The title of Hameed’s book comes from Pakistan Chronicle—published posthumously in 1993—by Sir Morrice James, Lord St Brides, who was British High Commissioner in Pakistan at the time of the 1965 war. After asserting that “Bhutto certainly had the right qualities for reaching the heights—drive, charm, imagination, a quick and penetrating mind, zest for life, eloquence, energy, a strong constitution, a sense of humour and a thick skin,” Morrice declares: “But there was—how shall I put it?—the rank odour of hellfire about him.... He was a Lucifer, a fallen angel.... I sensed in him a ruthlessness and a capacity for ill-doing which went far beyond what is natural.... In 1965, I so reported in one my last dispatches from Pakistan as British high commissioner. I wrote by way of clinching that point that Bhutto was born to be hanged. I did not intend this comment as a precise prophecy of what was going to happen to him, but 14 years later that was what it turned out to be.”

No doubt, Hameed’s book is a labour of love. But love, as we all know, happens to be blind. Which is perhaps why, despite her attempts to be fair to the man, her book glosses over the fact that it was Bhutto who vehemently rejected Sheikh Mujibur Rehman’s electoral victory in 1970, and endorsed the genocide in East Pakistan which eventually led to the birth of Bangladesh a year later.

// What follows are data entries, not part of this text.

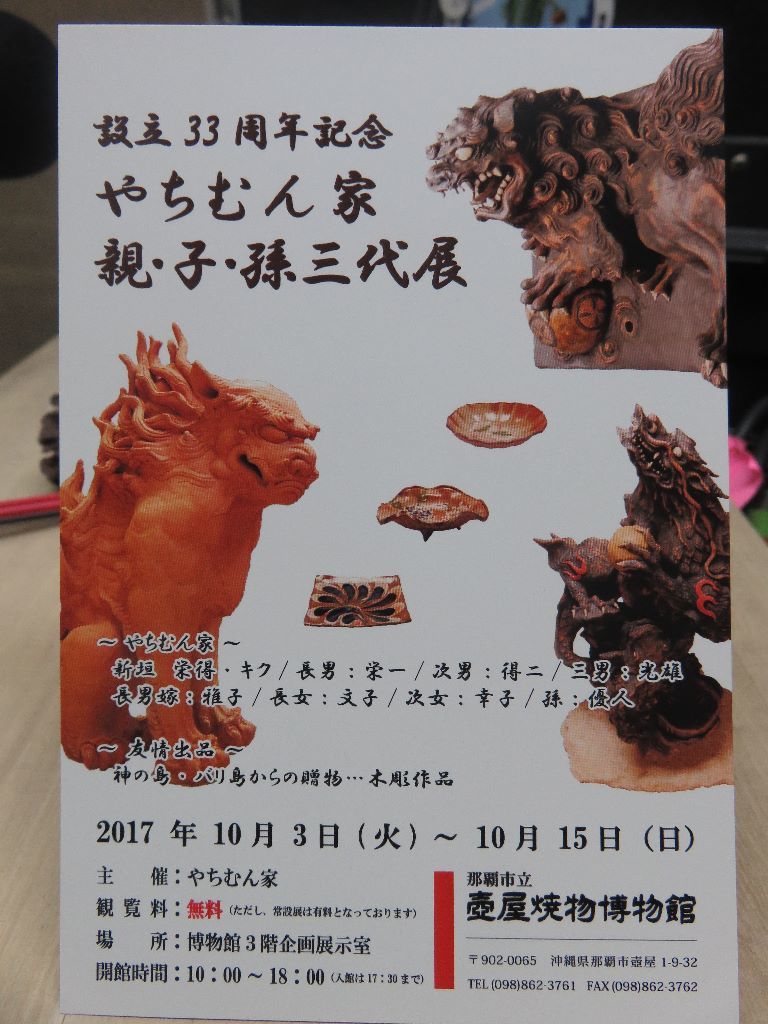 壷屋焼の窯元「やちむん家」の設立33周年を記念した展示会です。やちむん家は現在、88歳になる父・栄得の代に始まり、親から子、子から孫へと技を引き継ぎながら、家族3代で作陶を続ける窯元です。
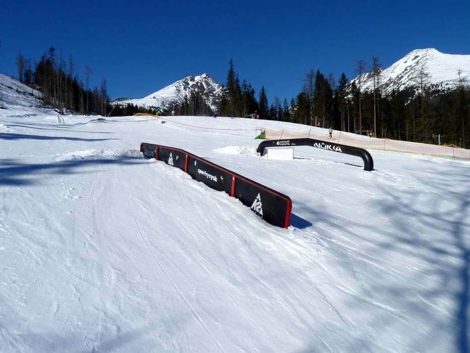 Der K2 Snowpark Štrbské Pleso befindet sich etwas oberhalb der Talstation und bietet Kicker, Rails und Boxen.
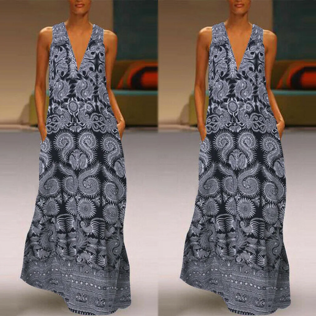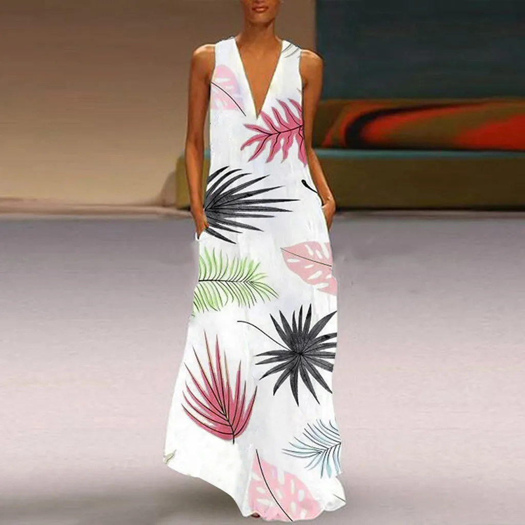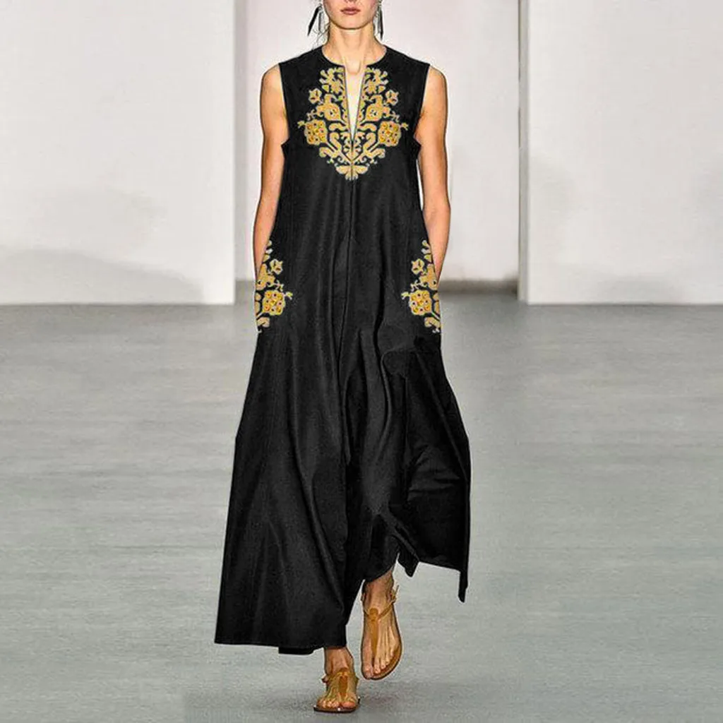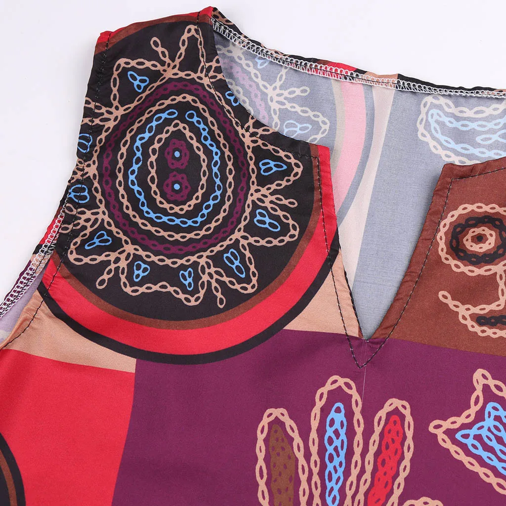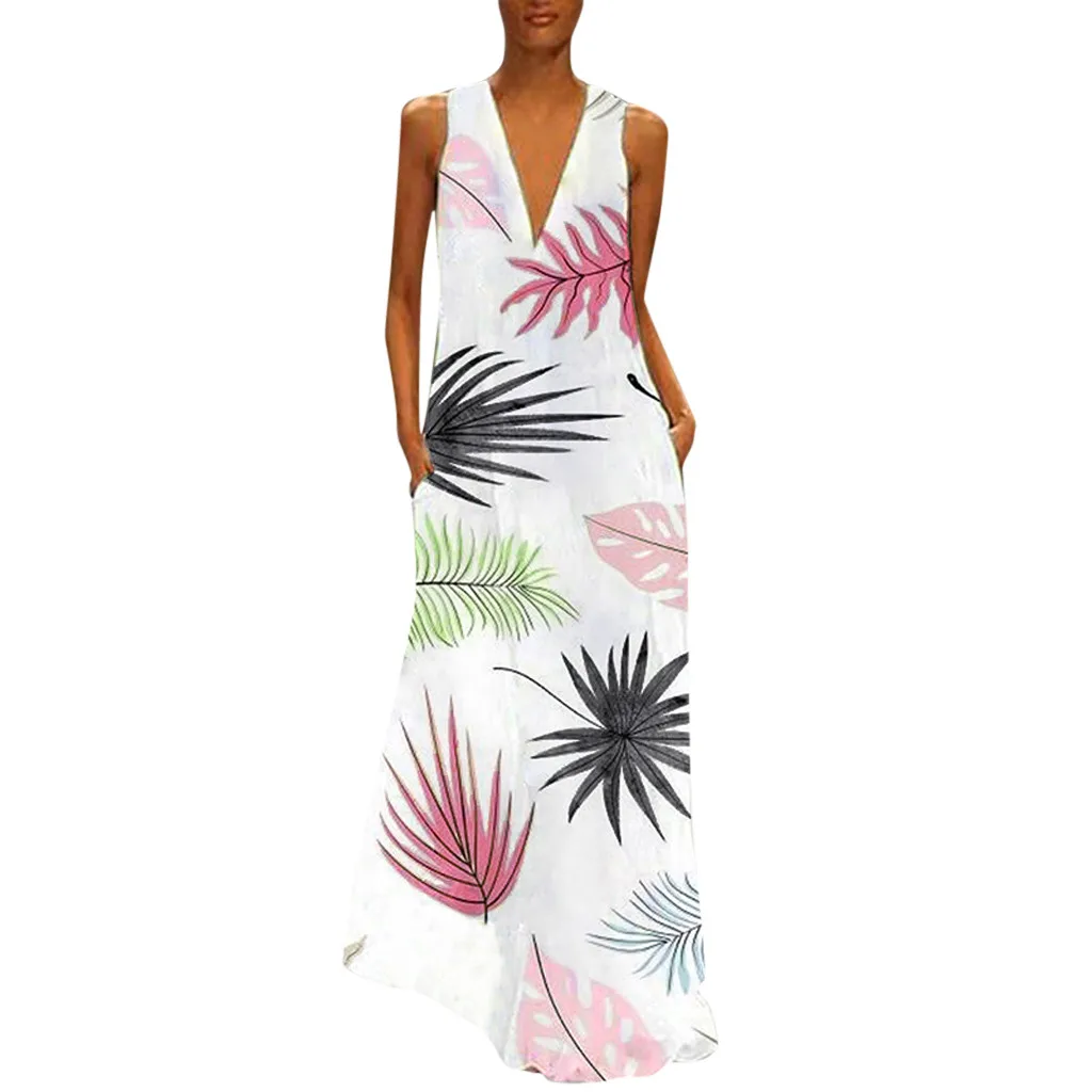 Женское винтажное Повседневное платье без рукавов, с V-образным вырезом и вышивкой, большие размеры, на лето
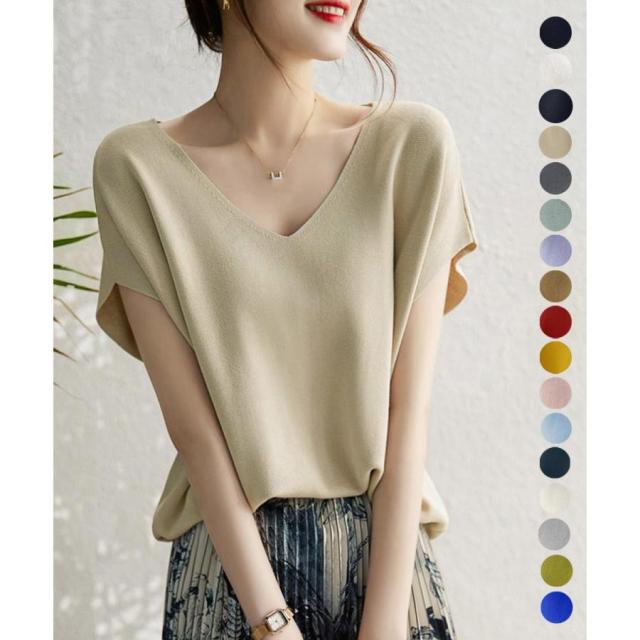 フレンチスリーブ ニットソー 体型カバー vネック 冷感タッチ 半袖 サマーニット きれいめ オフィスカジュアル 着やせ
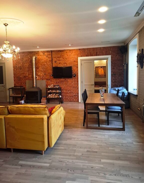 Выполнен капитальный ремонт: новая стяжка, все коммуникации, электропроводка, а так же современная вентиляционная система, теплый пол и реконструкция дымохода.
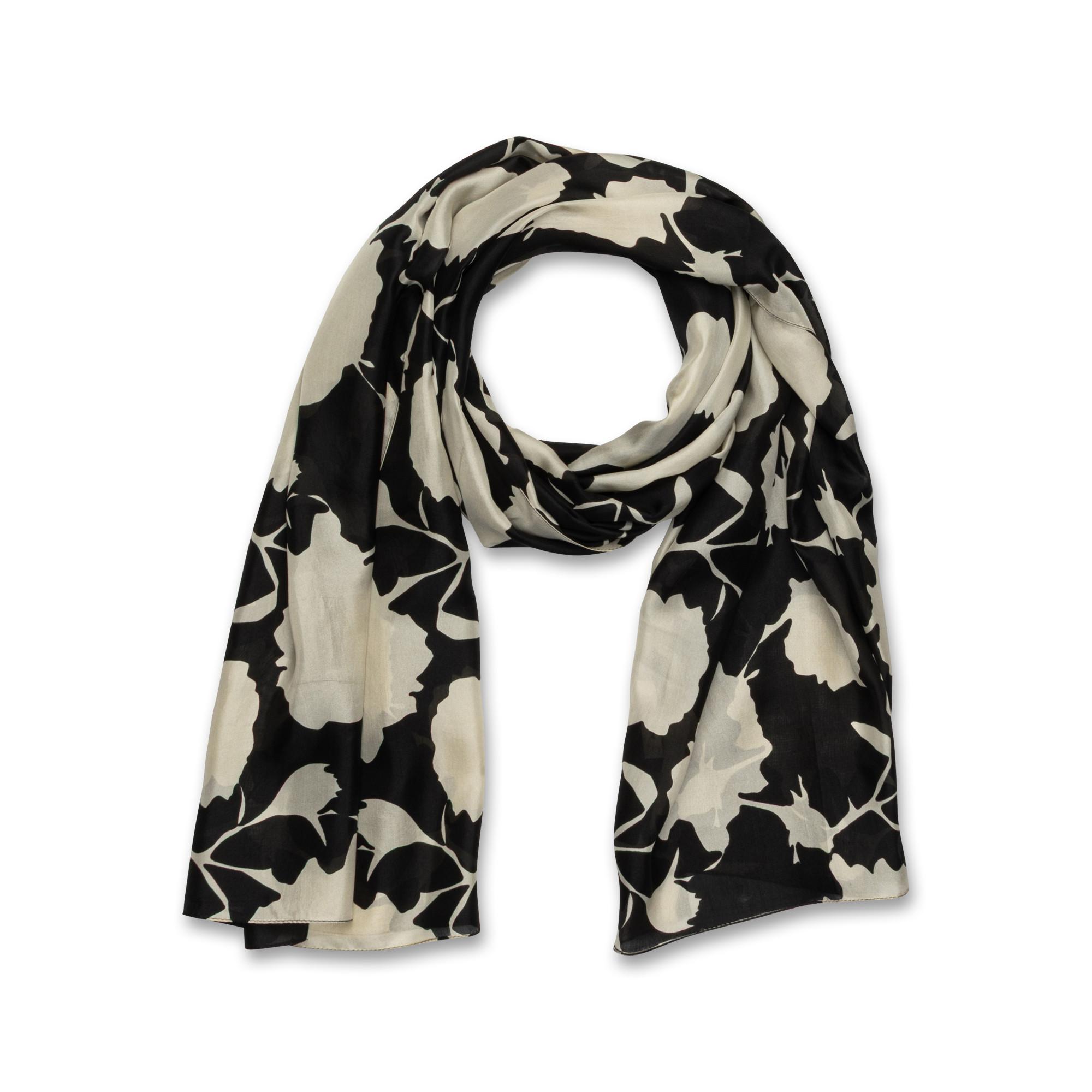 Cette écharpe classique est fabriquée à partir de 100% soie, offrant une sensation luxueuse et un drapé élégant. C'est un accessoire polyvalent adapté à diverses occasions.
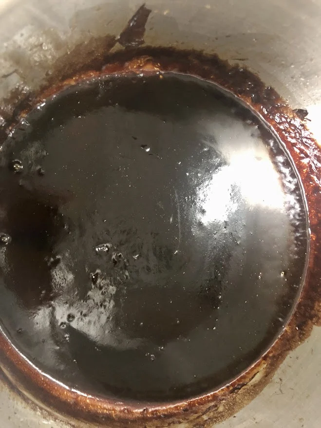 7. 소스 국물이 졸아들도록 조린 후, 고기를 건져내고 소스 중에 건더기를 거른다. 맑은 소스만 남으면 녹말물을 넣어 진득하게 만들고, 참기름으로 마무리한다.
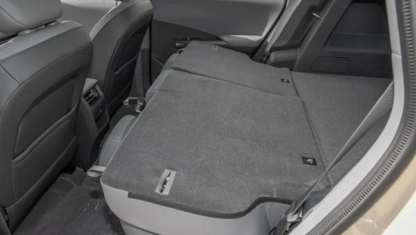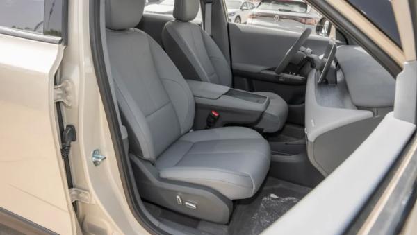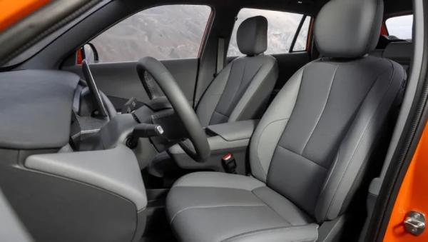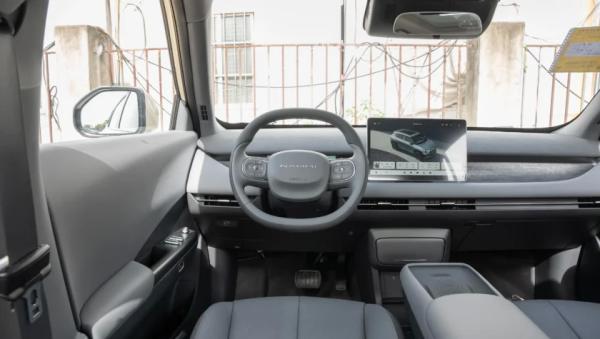 В салоне полный минимализм с практически полным отсутствием физических кнопок, а основным органом управления является установленный по центру сенсорный экран мультимедийной системы (12,8-дюйма). Перед водителем двухспицевый руль, за которым компактный дисплей приборной панели с виртуальной графикой. Между передними креслами «навесной» подлокотник с беспроводной зарядкой для смартфона.
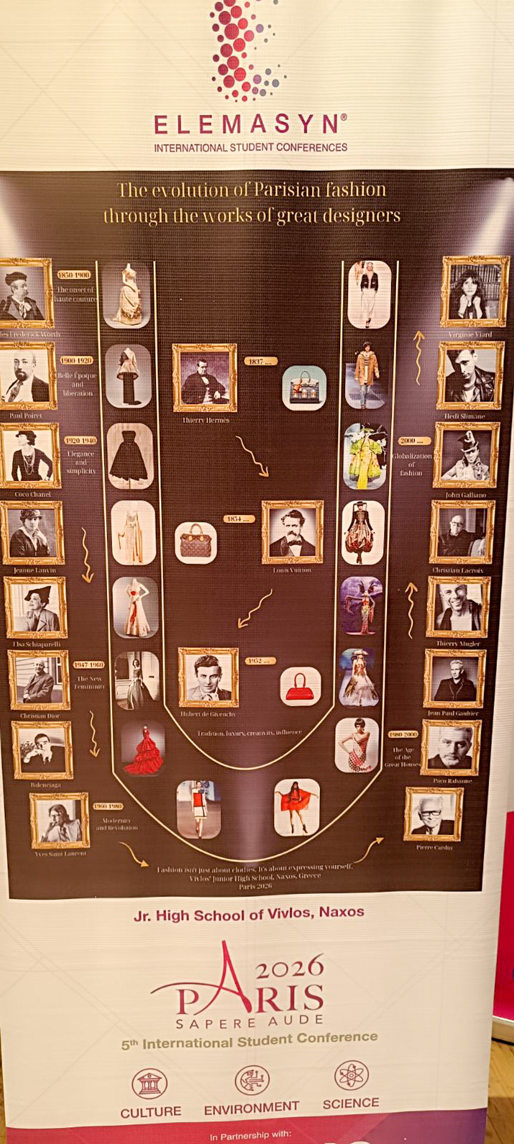 Μέσα από την έρευνα και την παρουσίασή τους, οι μαθητές ανέδειξαν σημαντικούς σταθμούς στην ιστορία της παρισινής μόδας, εξετάζοντας το έργο εμβληματικών σχεδιαστών που επηρέασαν την παγκόσμια αισθητική και διαμόρφωσαν τις τάσεις της κάθε εποχής. Η εργασία τους αποτέλεσε μια δημιουργική προσέγγιση της σχέσης μεταξύ πολιτισμού, τέχνης και κοινωνίας, προσεγγίζοντας τη μόδα ως μορφή έκφρασης και ιστορικής καταγραφής.
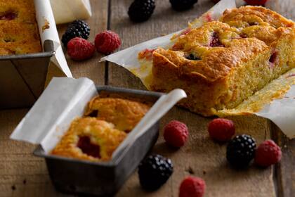 Batir la manteca blanda con el azúcar impalpable hasta obtener una preparación pálida y cremosa. Incorporar la ralladura, el jugo de limón y los huevos de a uno, mezclando bien después de cada adición. Por último integrar la harina, las almendras procesadas, las frambuesas, las moras y el chocolate picado, suavemente con espátula para no romper las frutas. Verter la preparación en moldecitos para budín forrados en papel manteca lubricado con rocío vegetal. Cocinar en un horno precalentado a temperatura media (180°C) durante 50 minutos aproximadamente.

And while admitting Bhutto was the “chief proponent” of “Operation Gibraltar” which sparked the 1965 war with India, she argues that he “raised the stature of his country and made the world sit up in grudging admiration,” and cites his venomous anti-India tirade at the UN as proof of his “amazing sagacity.”
We thus have a book which gives us rare nuggets of information and insights into a man who shaped the history of Pakistan, while sugar-coating the fact that he was a murderer who was not born, but deserved to be hanged.